Stop Guessing the Stack.

Before You Spend Crores on On-Prem AI.

Most enterprise AI projects in India fail not at deployment, but at the architecture decision two months earlier. The wrong model. The wrong hosting choice. The wrong GPU sizing. By the time it shows up as wasted hardware capex, runaway API bills, or a stalled compliance review, you're already six figures in. BiltIQ AI Factory Advisory helps Indian CIOs, CTOs, and boards make the call before they commit hardware, headcount, or a 3-year vendor contract — at half the price of what Big 4 and Indian AI specialist firms charge for the same answer.
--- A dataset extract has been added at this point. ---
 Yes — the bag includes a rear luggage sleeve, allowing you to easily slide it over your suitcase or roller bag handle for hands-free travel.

Sovereign by default. Hybrid by design. Cloud only where it's the honest answer.
4–6
Weeks to Decision
4-Axis
Decision Framework
18-mo
Roadmap Delivered
½ Price
vs Market Comp
DPIIT RecognizedNVIDIA Inception PartnerDPDP Act Aligned
Book a Discovery Sprint
30-min call · We map your workload and recommend the right stack tier.
Your data stays private. We never share your information.
01 — Mistakes

Three Expensive Mistakes We Stop You From Making

MISTAKE 01

Picking the Model First, Finding the Use Case Later

Teams sign up for a foundation model subscription, build a demo, then realize the workload doesn't justify the price — or the model can't actually do the job. Stack decisions made on hype, not evaluation, routinely waste ₹40–60L in the first year.
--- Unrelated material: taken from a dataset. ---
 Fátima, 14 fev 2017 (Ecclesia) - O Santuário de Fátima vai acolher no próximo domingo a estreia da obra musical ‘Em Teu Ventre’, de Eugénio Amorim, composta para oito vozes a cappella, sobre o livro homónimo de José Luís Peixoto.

We start with the use case. The model is the last decision, not the first.
MISTAKE 02

Cloud-First Reflex on Sensitive Data

The default is to call an external API because it's fast to ship. Then compliance, legal, or the board ask where customer data is going. Months of rework follow. Per-query costs compound. IP exits the building with every prompt.

We map data sensitivity before stack — not after audit.
MISTAKE 03

On-Premise Because It Sounds Safer

Buying a GPU box without an inference engine, evaluation harness, or sizing model is how on-prem AI projects die quietly. Hardware shows up. Throughput is 3 tokens/sec for 5 users. The CFO asks what happened.
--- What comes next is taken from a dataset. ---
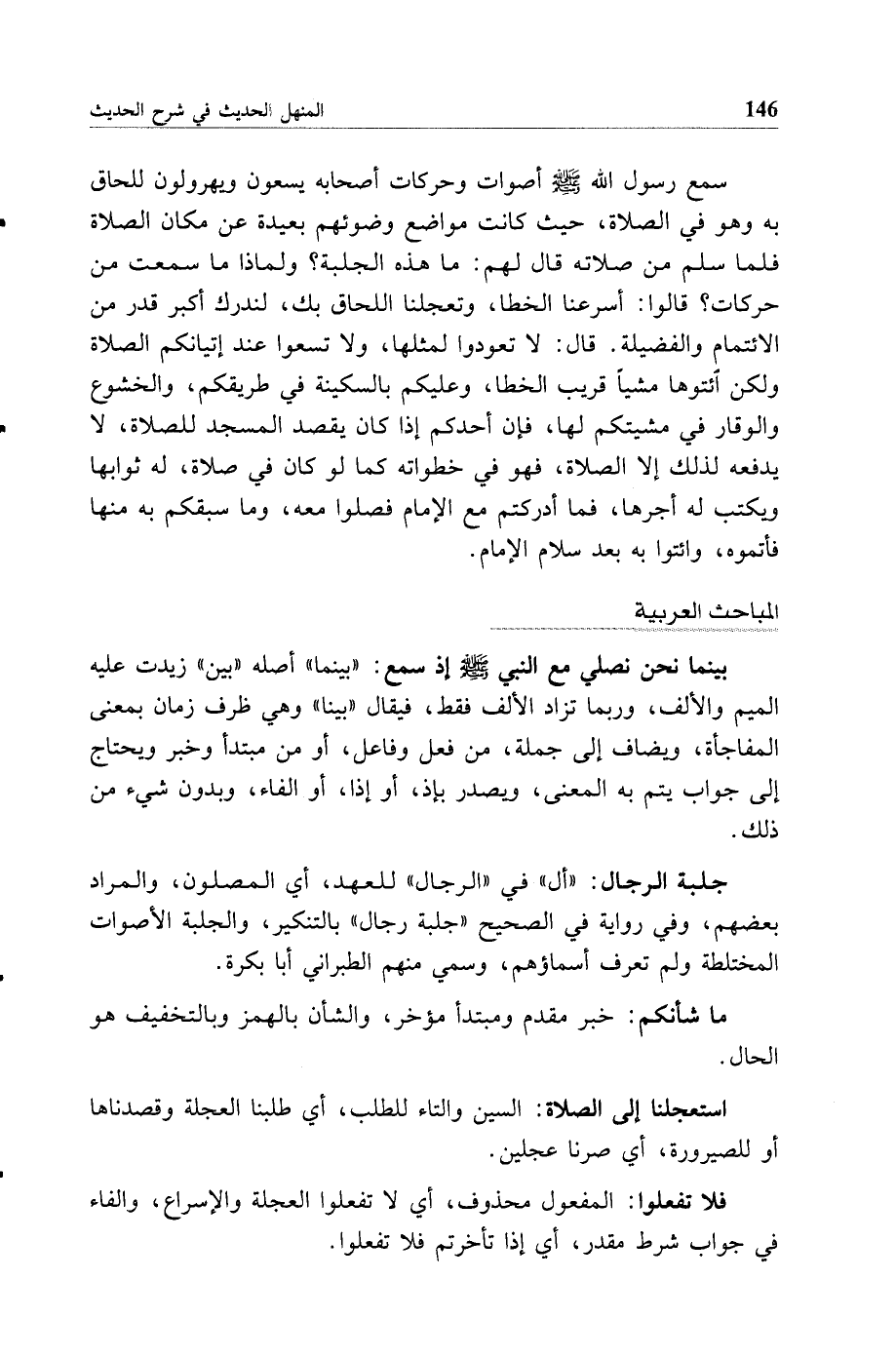 سمع رسول الله صلى الله عليه وسلم أصوات وحركات أصحابه يسعون ويهرولون للحاق به وهو في الصلاة، حيث كانت مواضع وضوئهم بعيدة عن مكان الصلاة فلما سلم من صلاته قال لهم: ما هذه الجلبة؟ ولماذا ما سمعت من حركات؟ قالوا: أسرعنا الخطا، وتعجلنا اللحاق بك، لندرك أكبر قدر من الائتمام والفضيلة. قال: لا تعودوا لمثلها، ولا تسعوا عند إتيانكم الصلاة ولكن ائتوها مشيا قريب الخطا، وعليكم بالسكينة في طريقكم، والخشوع والوقار في مشيتكم لها، فإن أحدكم إذا كان يقصد المسجد للصلاة، لا يدفعه لذلك إلا الصلاة، فهو في خطواته كما لو كان في صلاة، له ثوابها ويكتب له أجرها، فما أدركتم مع الإمام فصلوا معه، وما سبقكم به منها فأتموه، وائتوا به بعد سلام الإمام.

We size capacity against real concurrency, not vendor datasheets.
02 — Framework

The Four Axes — Score Every AI Use Case

No single answer fits all AI workloads inside one company. BiltIQ evaluates each candidate use case across four orthogonal axes. The score vector — not opinion — drives the deployment tier.

AXIS 01

Data Sensitivity

PII, PHI, financial records, regulated content, trade secrets, board-level IP. The higher the regulatory or competitive exposure, the harder the case for on-premise.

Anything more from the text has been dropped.